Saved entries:
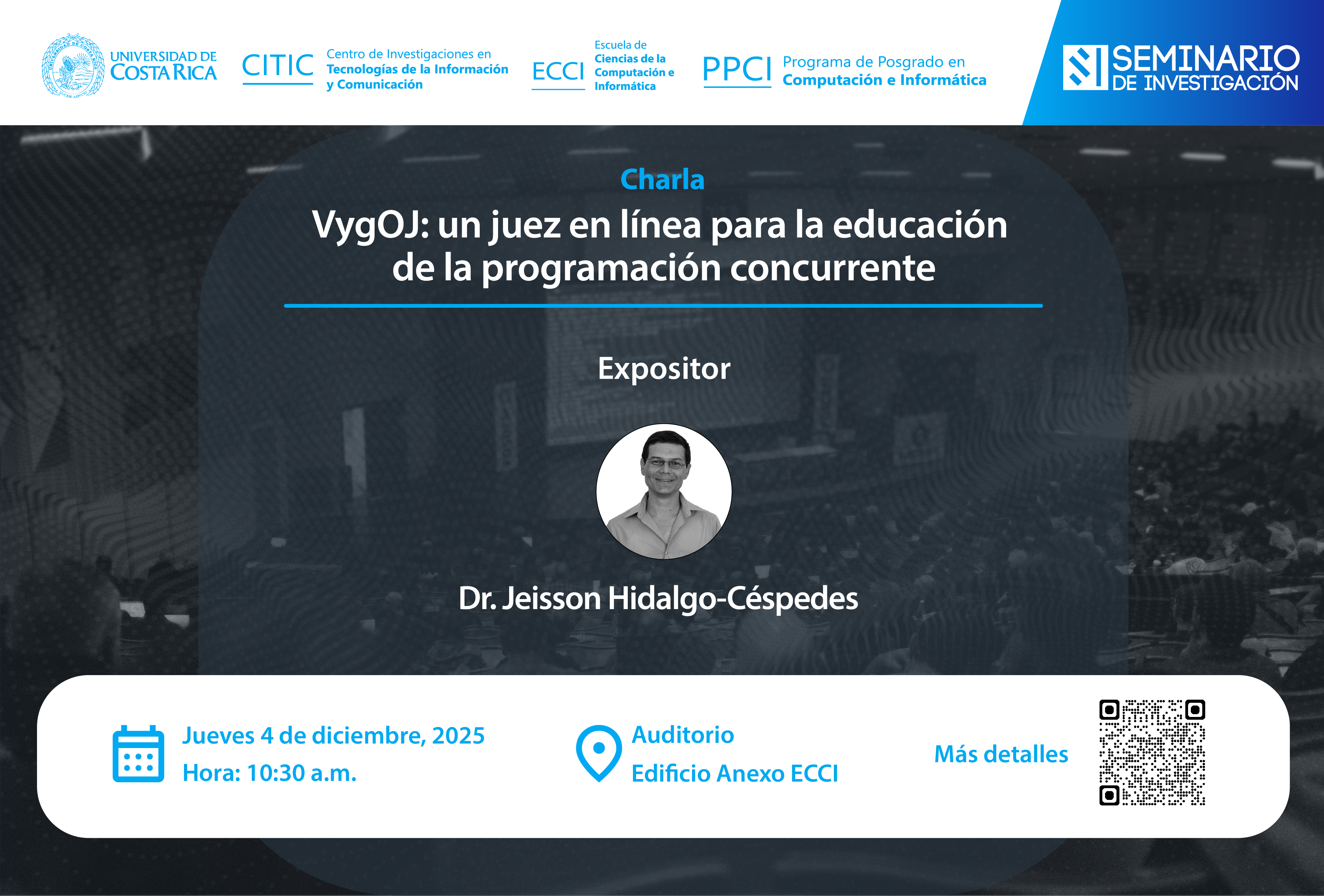 Nos complace invitarle a la charla titulada "VygOJ: un juez en línea para la educación de la programación concurrente", impartida por el Dr. Jeisson Hidalgo-Céspedes. Esta charla forma parte de nuestro Seminario de Investigación y además será transmitida en vivo a través de Youtube.
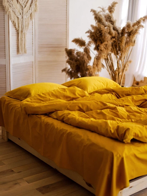 Двоспальний Гірчичний комплект постільної білизни Belinens/ преміумний сатин однотонний/ підковдра 180х220 см/ 100 бавовна
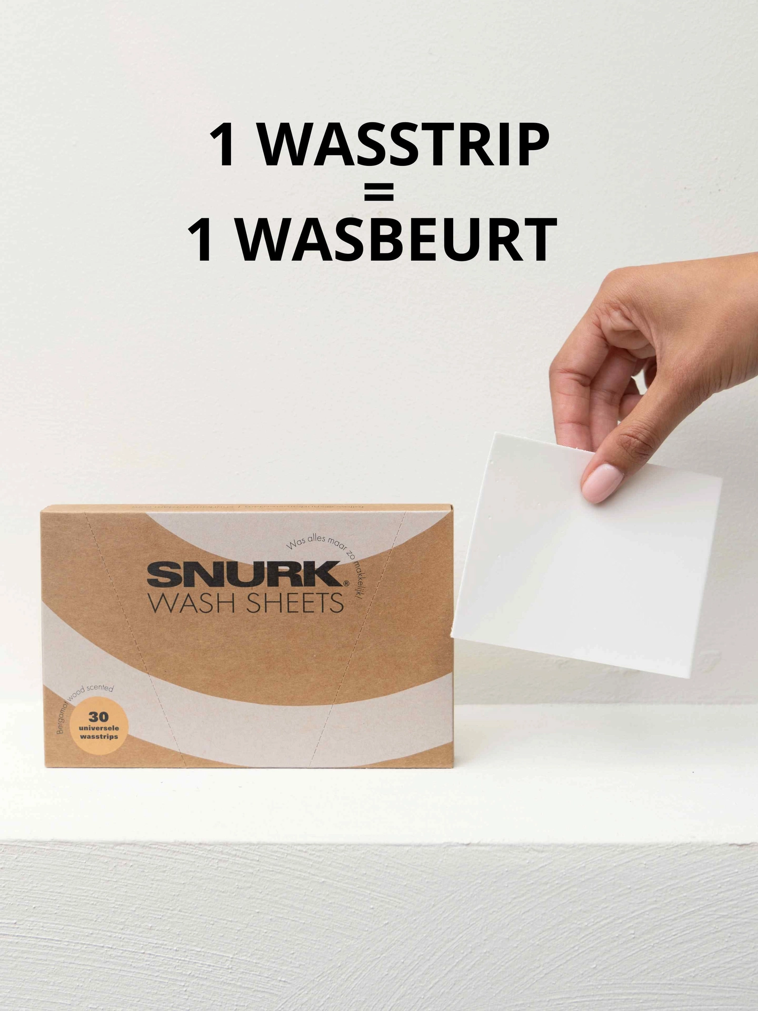 SNURK Wash Sheets is een krachtig wasmiddel waar de vloeistof uit gehaald is. Ze zijn compact en verpakt in een milieuvriendelijk kartonnen doosje. Dankzij de plantaardige en milde samenstelling blijft je was langer mooi en ruikt het heerlijk fris. Was alles maar zo makkelijk!
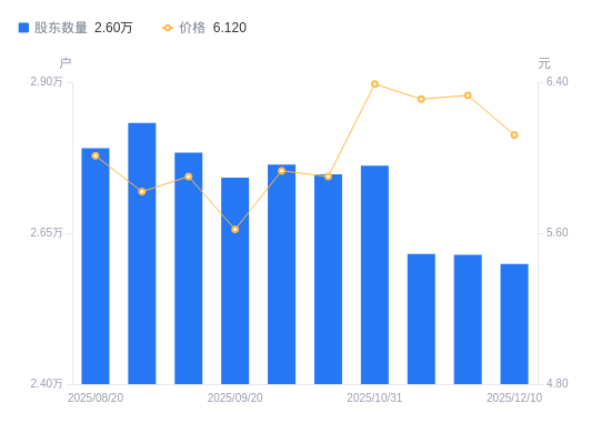 近一年(2024年12月31日至2025年12月10日),钱江生化A股股东户数从3.54万户,减低至2.6万户,降幅26.56%,区间股价上涨5.90%。
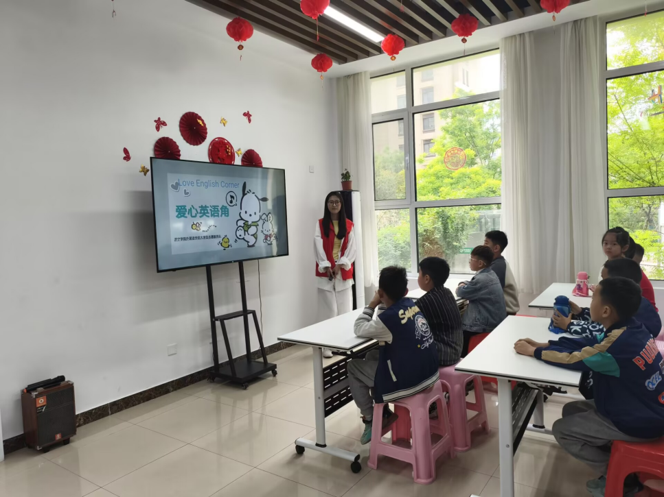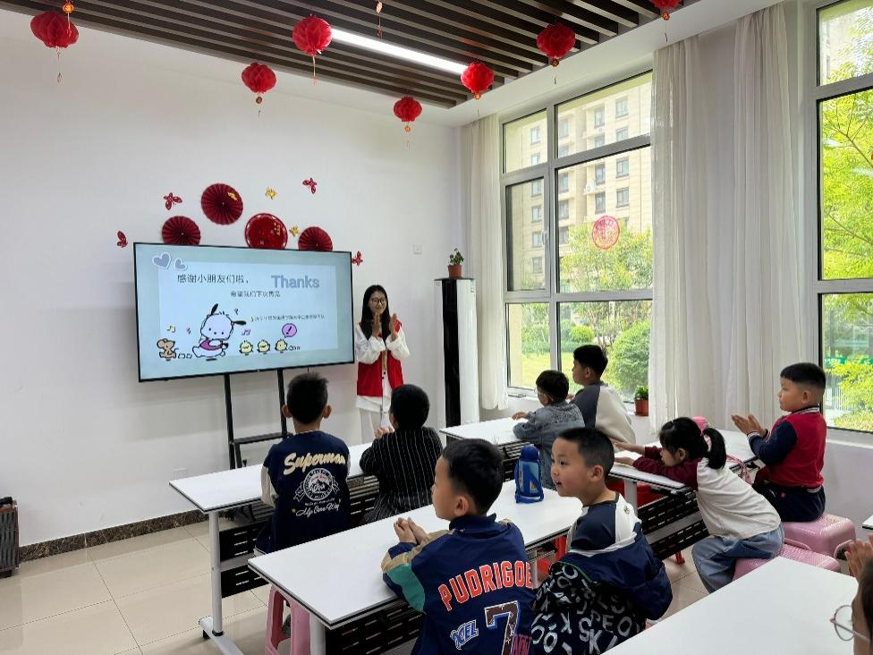 6月1日上午,由完美(中国)一站式服务平台志愿服务队举办的“用英语讲好中国故事”爱心英语角温暖启幕。活动以“寓教于乐、润物无声”为理念,通过表情互动、趣味绘画、歌曲律动和情景游戏等多样化方式,为社区儿童带来了一场生动活泼的英语启蒙课堂,进一步激发了孩子们学习英语的兴趣,厚植了文化自信的种子。学院学生第一党支部书记姜璨、学生党员志愿者参加活动。
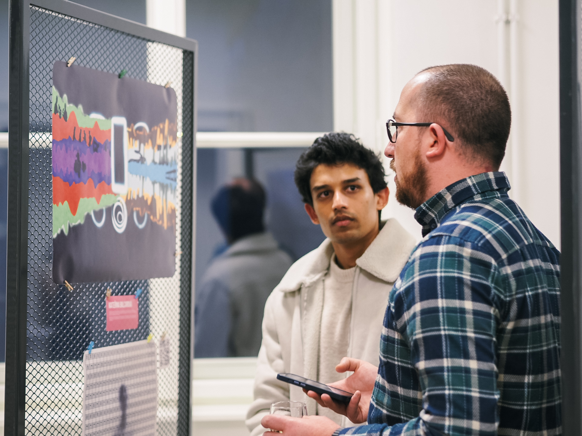 After the formal part of the programme, guests had the opportunity to explore both submitted artworks and pieces created during the previous NEOLAiA Art & Discussion meetup. The space quickly filled with conversation as students, staff, and other visitors admired the showcased pieces while enjoying the refreshments that were provided.
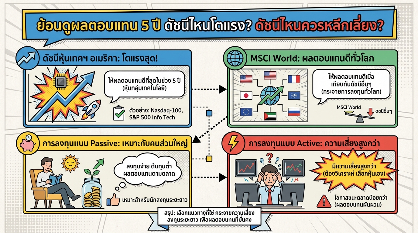 ย้อนดูผลตอบแทน 5 ปี ดัชนีไหนโตแรง? ดัชนีไหนควรหลีกเลี่ยง?
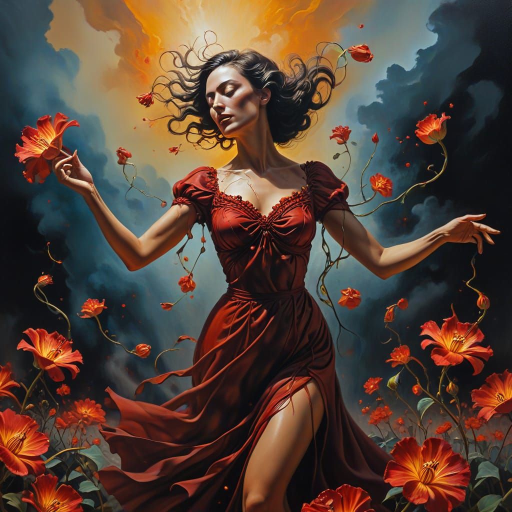A surreal oil painting of a woman dancing with flowers in a dreamlike setting. The artwork features twisted stems and vibrant petals, with a melting background and eerie fog, rendered in a surreal style.
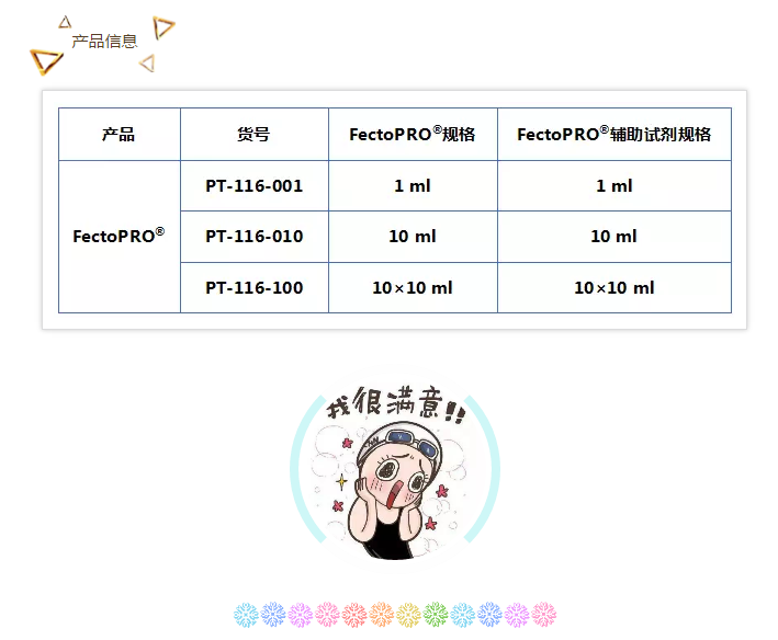 FectoPRO?保證不含動(dòng)物源成分,且限定化學(xué)成分。每個(gè)生產(chǎn)批次都經(jīng)過系統(tǒng)化的批次管理和出廠測試。采用先進(jìn)的質(zhì)控流程:蛋白質(zhì)生產(chǎn)率、細(xì)胞活性及完全無菌。
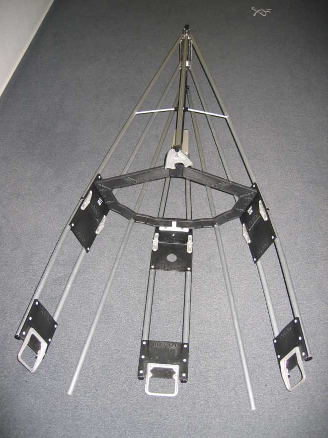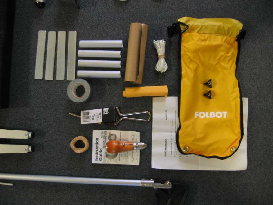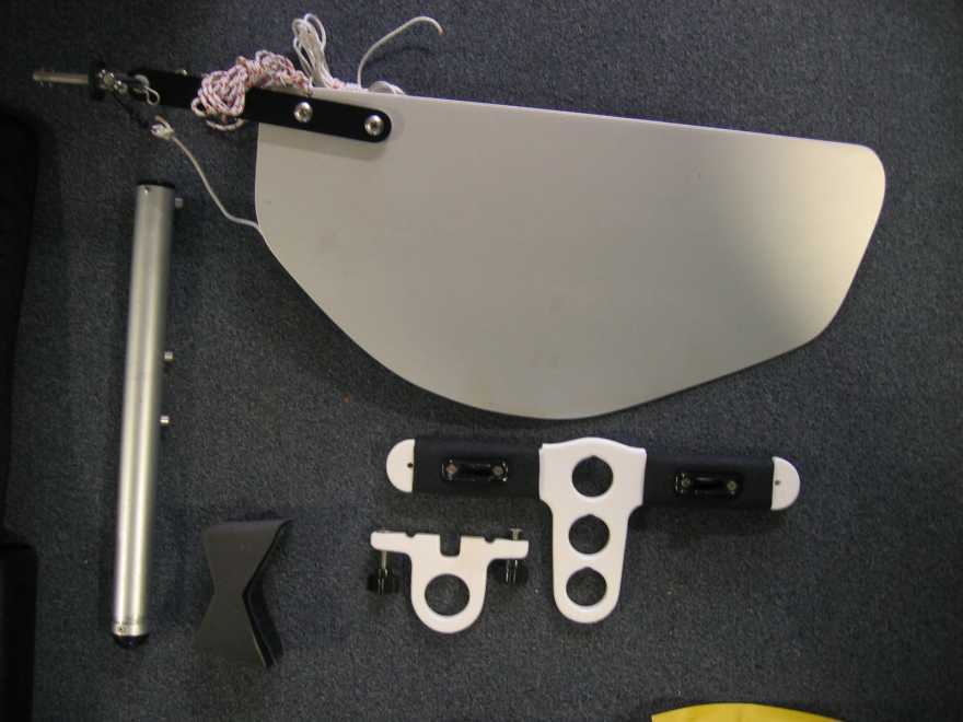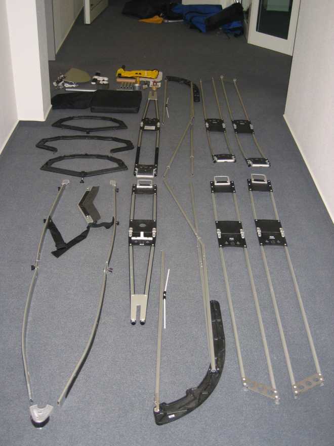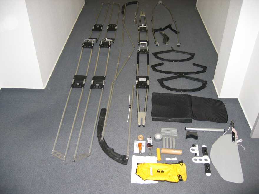 Die Teile des Gerüstes. Nicht zu sehen: Haut, Spritzdecke, Kompass (hatte ich anstatt des Paddels genommen).
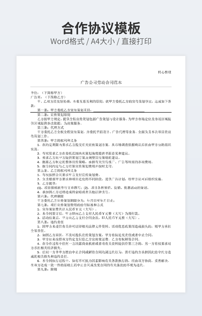 本作品内容为与银行合作协议下载,大小为28.5KB,作品为高清大图模板,格式为doc, 属于合伙协议模板,作品模板源文件下载后可用编辑替换,模板中如有人物画像仅供参考禁止商用。小Q办公网-提供简历,PPT,Word,Excel优质模板素材下载模版平台,拥有海量的工作总结、竞聘求职、年终颁奖、计划书等。 通过小Q办公网下载合伙协议模板源文件编辑修改源文件文字和图片即可使用。

- [Work item]: Although the records contain pictures, only the text should be copied, exactly as it stands.

- [Solved problem]:
 Nos complace invitarle a la charla titulada "VygOJ: un juez en línea para la educación de la programación concurrente", impartida por el Dr. Jeisson Hidalgo-Céspedes. Esta charla forma parte de nuestro Seminario de Investigación y además será transmitida en vivo a través de Youtube.
 Двоспальний Гірчичний комплект постільної білизни Belinens/ преміумний сатин однотонний/ підковдра 180х220 см/ 100 бавовна
 SNURK Wash Sheets is een krachtig wasmiddel waar de vloeistof uit gehaald is. Ze zijn compact en verpakt in een milieuvriendelijk kartonnen doosje. Dankzij de plantaardige en milde samenstelling blijft je was langer mooi en ruikt het heerlijk fris. Was alles maar zo makkelijk!
 近一年(2024年12月31日至2025年12月10日),钱江生化A股股东户数从3.54万户,减低至2.6万户,降幅26.56%,区间股价上涨5.90%。
 6月1日上午,由完美(中国)一站式服务平台志愿服务队举办的“用英语讲好中国故事”爱心英语角温暖启幕。活动以“寓教于乐、润物无声”为理念,通过表情互动、趣味绘画、歌曲律动和情景游戏等多样化方式,为社区儿童带来了一场生动活泼的英语启蒙课堂,进一步激发了孩子们学习英语的兴趣,厚植了文化自信的种子。学院学生第一党支部书记姜璨、学生党员志愿者参加活动。
 After the formal part of the programme, guests had the opportunity to explore both submitted artworks and pieces created during the previous NEOLAiA Art & Discussion meetup. The space quickly filled with conversation as students, staff, and other visitors admired the showcased pieces while enjoying the refreshments that were provided.
 ย้อนดูผลตอบแทน 5 ปี ดัชนีไหนโตแรง? ดัชนีไหนควรหลีกเลี่ยง?
A surreal oil painting of a woman dancing with flowers in a dreamlike setting. The artwork features twisted stems and vibrant petals, with a melting background and eerie fog, rendered in a surreal style.
 FectoPRO?保證不含動(dòng)物源成分,且限定化學(xué)成分。每個(gè)生產(chǎn)批次都經(jīng)過系統(tǒng)化的批次管理和出廠測試。采用先進(jìn)的質(zhì)控流程:蛋白質(zhì)生產(chǎn)率、細(xì)胞活性及完全無菌。
 Die Teile des Gerüstes. Nicht zu sehen: Haut, Spritzdecke, Kompass (hatte ich anstatt des Paddels genommen).
 本作品内容为与银行合作协议下载,大小为28.5KB,作品为高清大图模板,格式为doc, 属于合伙协议模板,作品模板源文件下载后可用编辑替换,模板中如有人物画像仅供参考禁止商用。小Q办公网-提供简历,PPT,Word,Excel优质模板素材下载模版平台,拥有海量的工作总结、竞聘求职、年终颁奖、计划书等。 通过小Q办公网下载合伙协议模板源文件编辑修改源文件文字和图片即可使用。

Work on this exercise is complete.